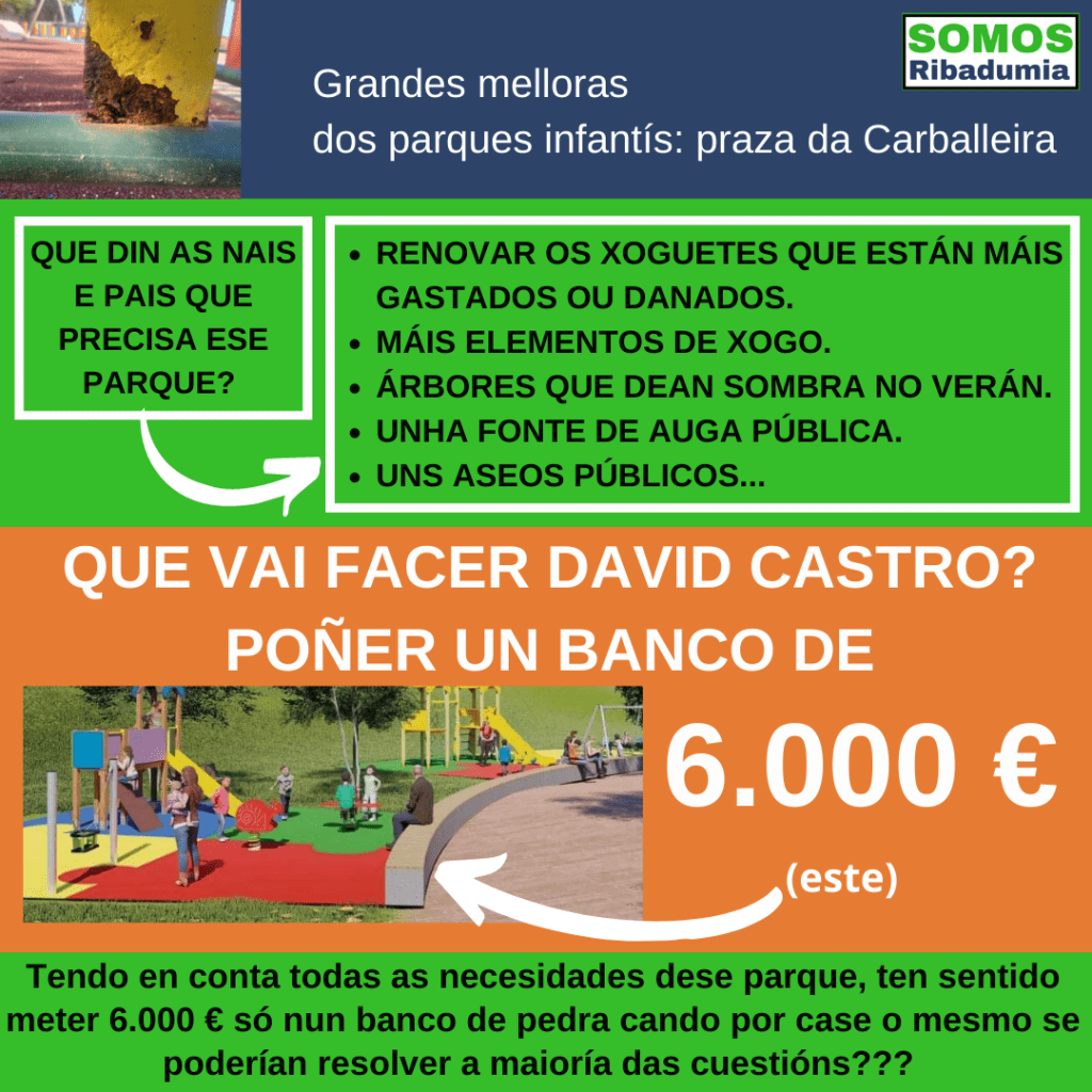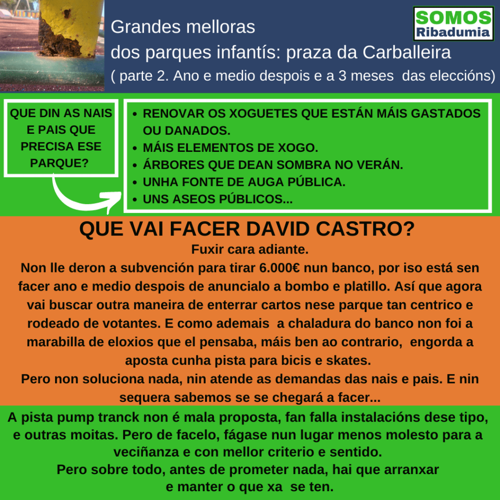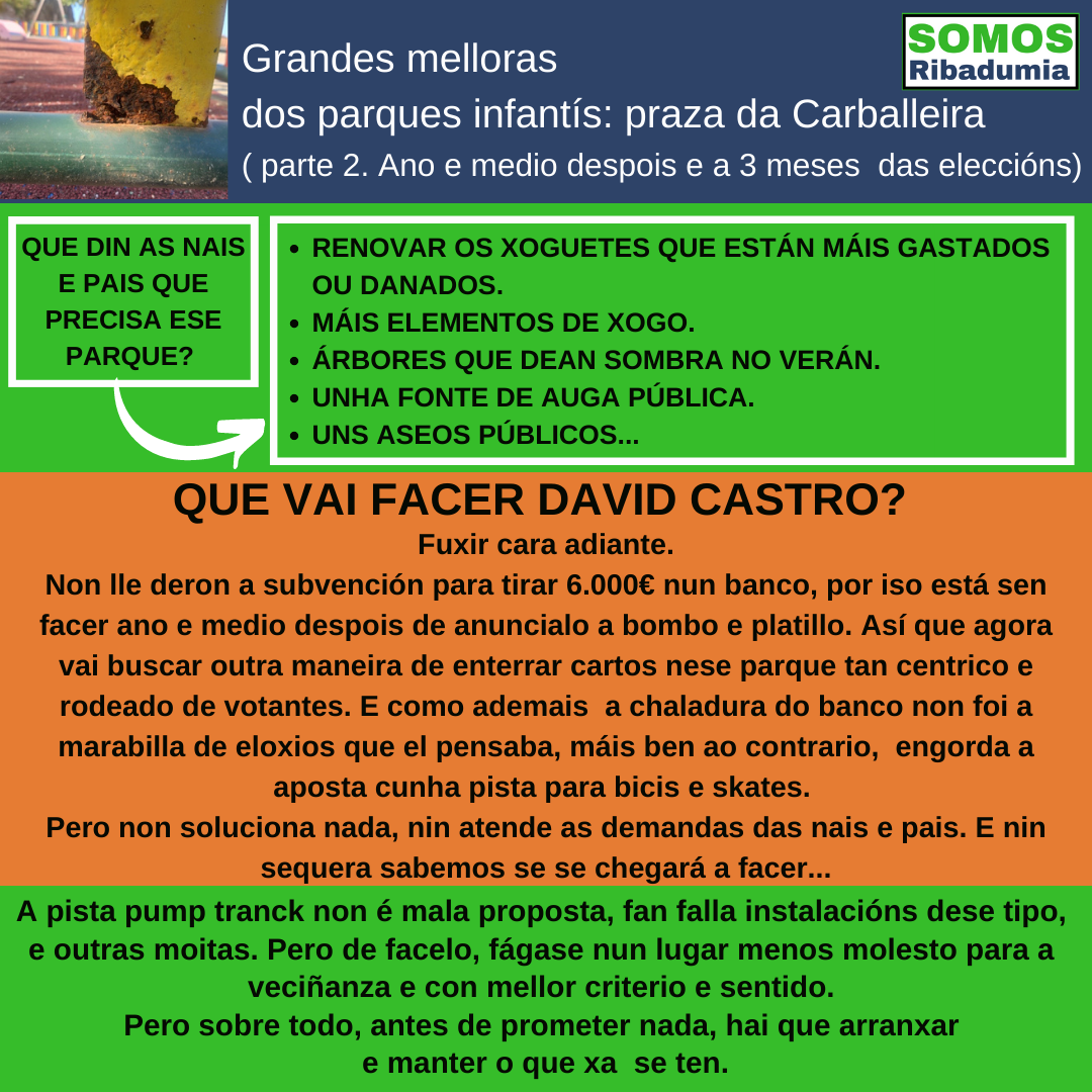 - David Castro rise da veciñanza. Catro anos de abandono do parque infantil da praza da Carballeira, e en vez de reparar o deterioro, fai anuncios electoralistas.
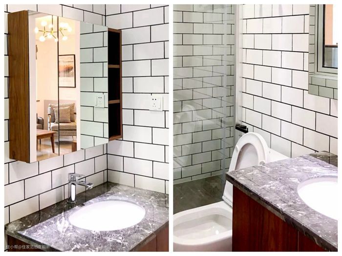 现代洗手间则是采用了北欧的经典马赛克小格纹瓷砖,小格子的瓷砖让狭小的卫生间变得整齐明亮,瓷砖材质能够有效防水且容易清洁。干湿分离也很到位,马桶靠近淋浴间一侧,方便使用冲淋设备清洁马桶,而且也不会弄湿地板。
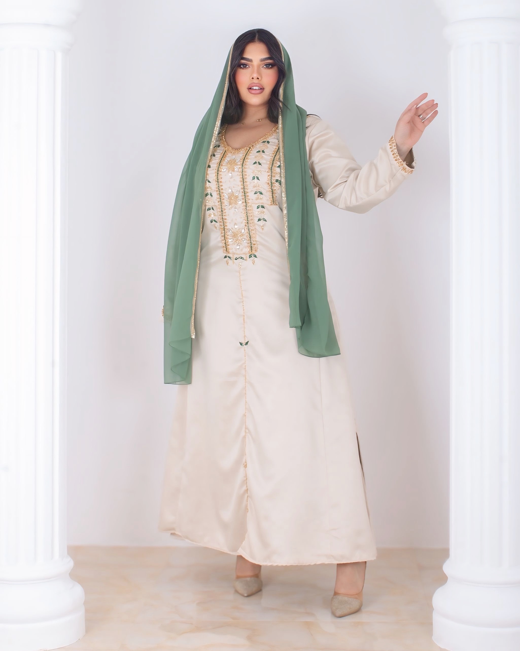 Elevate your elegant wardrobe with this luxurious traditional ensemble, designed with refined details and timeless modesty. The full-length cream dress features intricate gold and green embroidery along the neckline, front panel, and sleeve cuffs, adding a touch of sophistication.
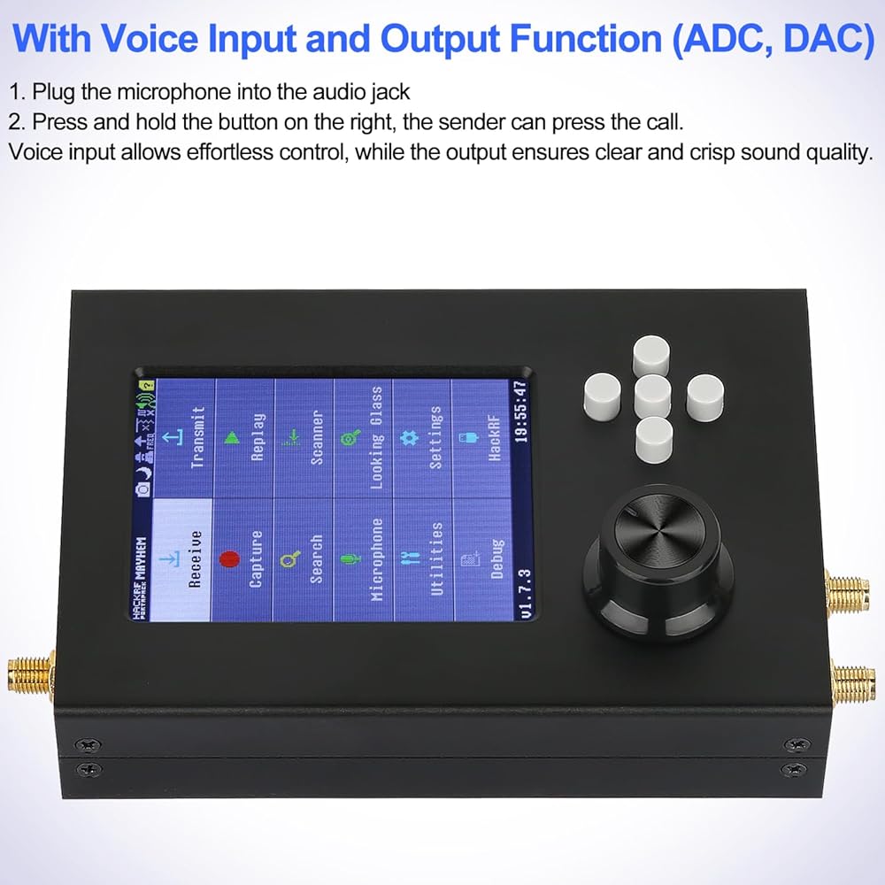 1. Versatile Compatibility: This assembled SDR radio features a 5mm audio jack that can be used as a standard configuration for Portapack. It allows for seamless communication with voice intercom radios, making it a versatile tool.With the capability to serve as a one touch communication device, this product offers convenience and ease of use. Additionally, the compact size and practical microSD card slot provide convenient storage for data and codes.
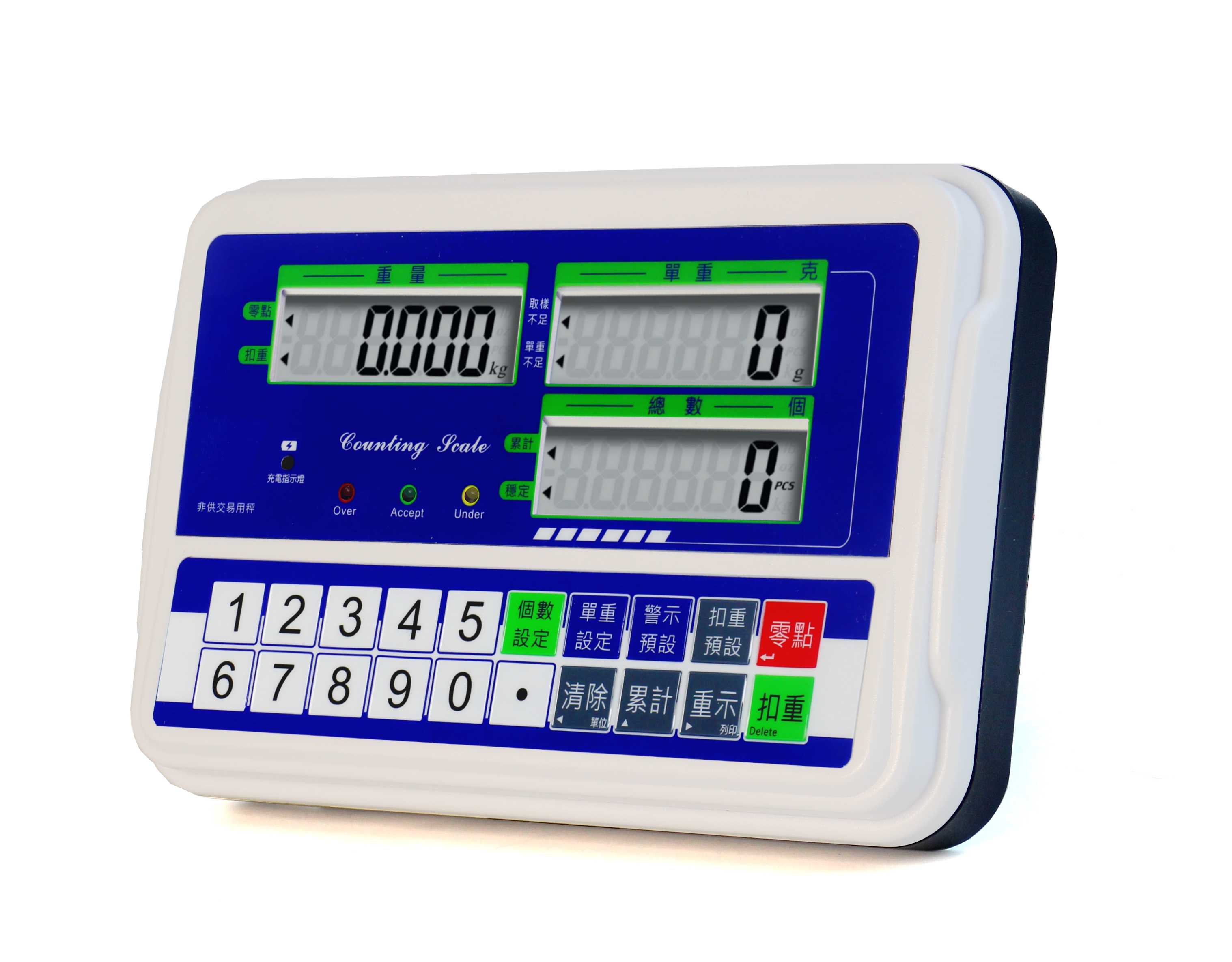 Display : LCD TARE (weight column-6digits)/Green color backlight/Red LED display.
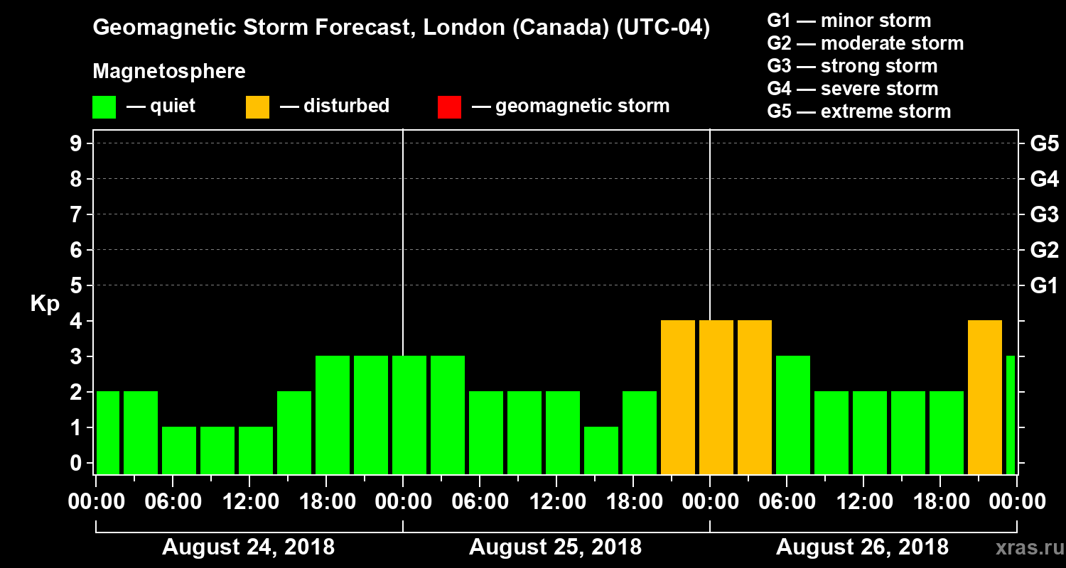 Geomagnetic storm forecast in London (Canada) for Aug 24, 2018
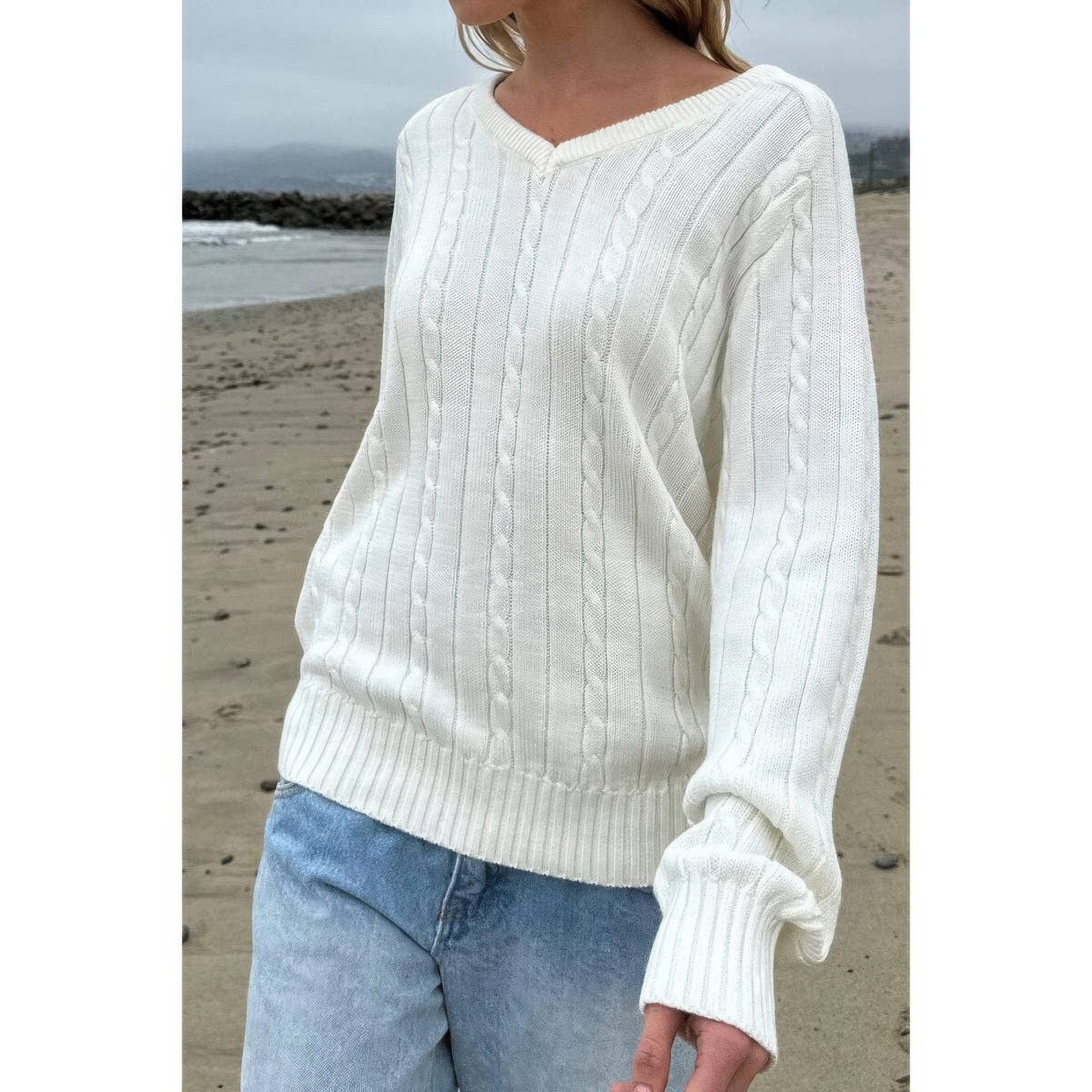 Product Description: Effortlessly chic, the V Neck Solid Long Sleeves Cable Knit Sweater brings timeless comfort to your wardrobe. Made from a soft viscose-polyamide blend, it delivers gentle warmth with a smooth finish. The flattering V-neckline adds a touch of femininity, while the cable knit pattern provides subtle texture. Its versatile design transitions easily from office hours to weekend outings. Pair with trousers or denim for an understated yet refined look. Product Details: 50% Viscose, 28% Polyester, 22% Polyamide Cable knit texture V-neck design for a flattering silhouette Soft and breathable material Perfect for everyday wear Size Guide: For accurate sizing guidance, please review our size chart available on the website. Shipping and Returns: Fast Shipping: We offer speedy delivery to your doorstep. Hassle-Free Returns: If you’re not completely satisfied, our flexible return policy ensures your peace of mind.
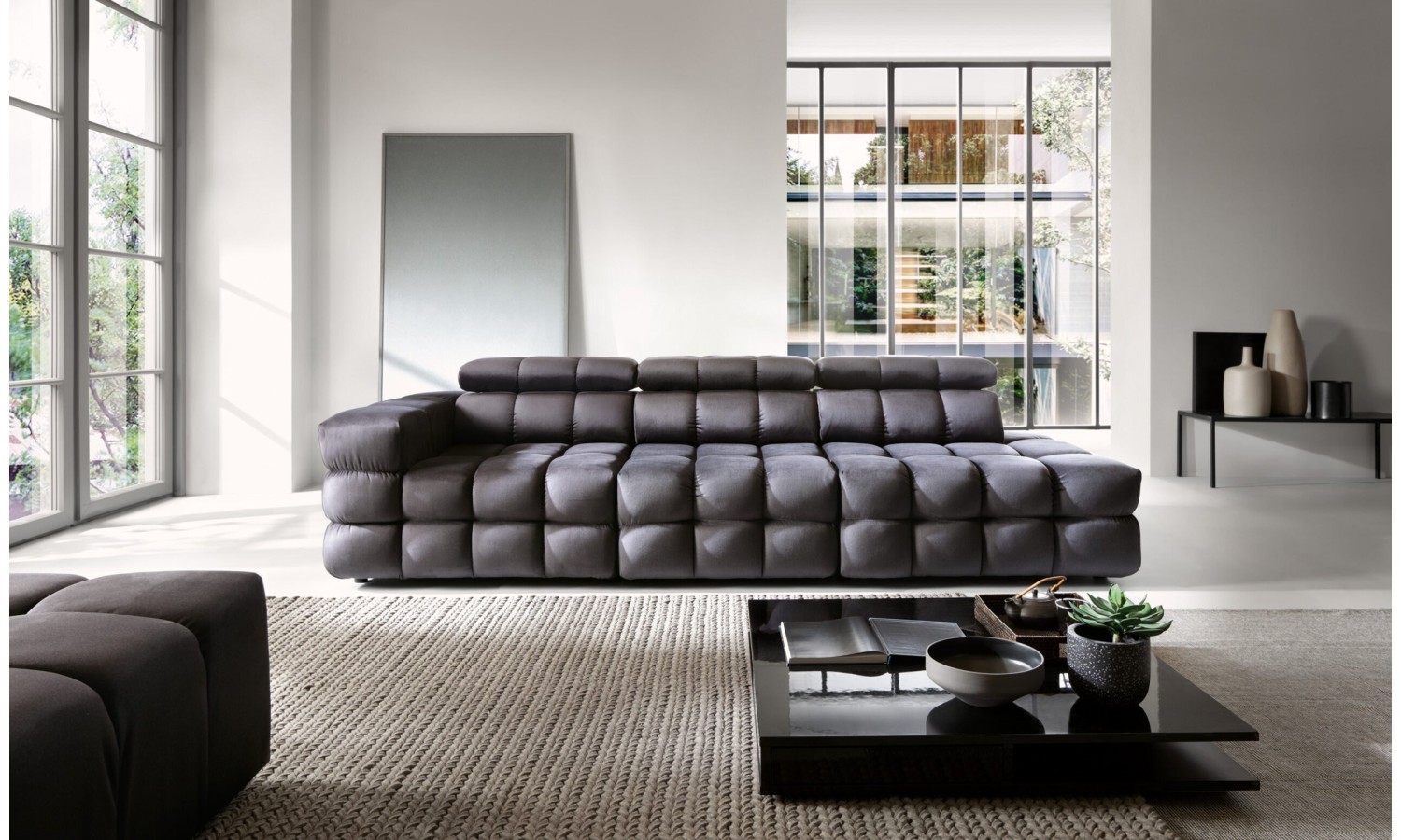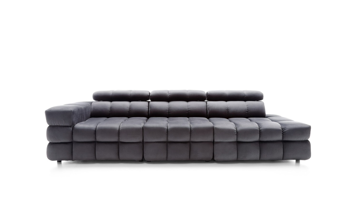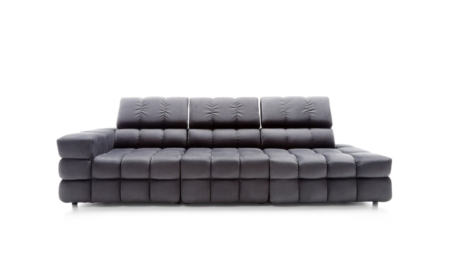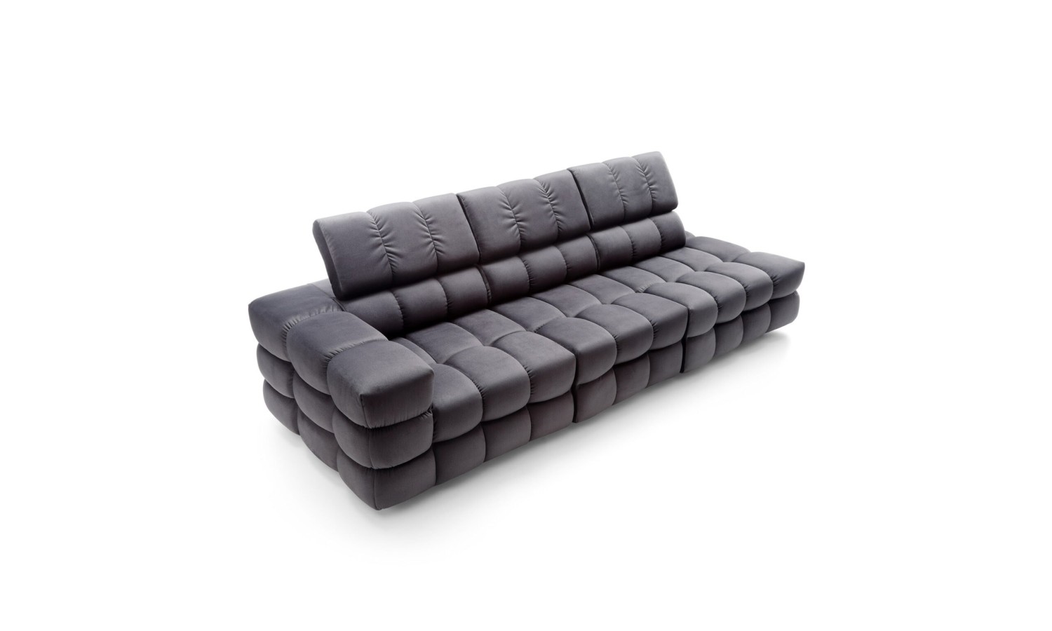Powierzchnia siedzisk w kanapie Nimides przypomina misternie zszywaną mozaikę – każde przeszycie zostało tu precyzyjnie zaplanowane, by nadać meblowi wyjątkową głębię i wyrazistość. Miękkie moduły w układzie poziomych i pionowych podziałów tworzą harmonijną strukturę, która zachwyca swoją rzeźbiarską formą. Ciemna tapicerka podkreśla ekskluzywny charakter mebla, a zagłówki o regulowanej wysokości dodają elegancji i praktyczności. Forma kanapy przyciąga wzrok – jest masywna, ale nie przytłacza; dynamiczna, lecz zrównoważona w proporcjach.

◆ **WHAT IS REQUIRED**
Of the lines above, quote exactly those from the one with "1. Versatile Compatibility: This" through the one with "Geomagnetic storm forecast", ends included; pictures stay out.

◆ **RESULT OF THIS EXERCISE**
 1. Versatile Compatibility: This assembled SDR radio features a 5mm audio jack that can be used as a standard configuration for Portapack. It allows for seamless communication with voice intercom radios, making it a versatile tool.With the capability to serve as a one touch communication device, this product offers convenience and ease of use. Additionally, the compact size and practical microSD card slot provide convenient storage for data and codes.
 Display : LCD TARE (weight column-6digits)/Green color backlight/Red LED display.
 Geomagnetic storm forecast in London (Canada) for Aug 24, 2018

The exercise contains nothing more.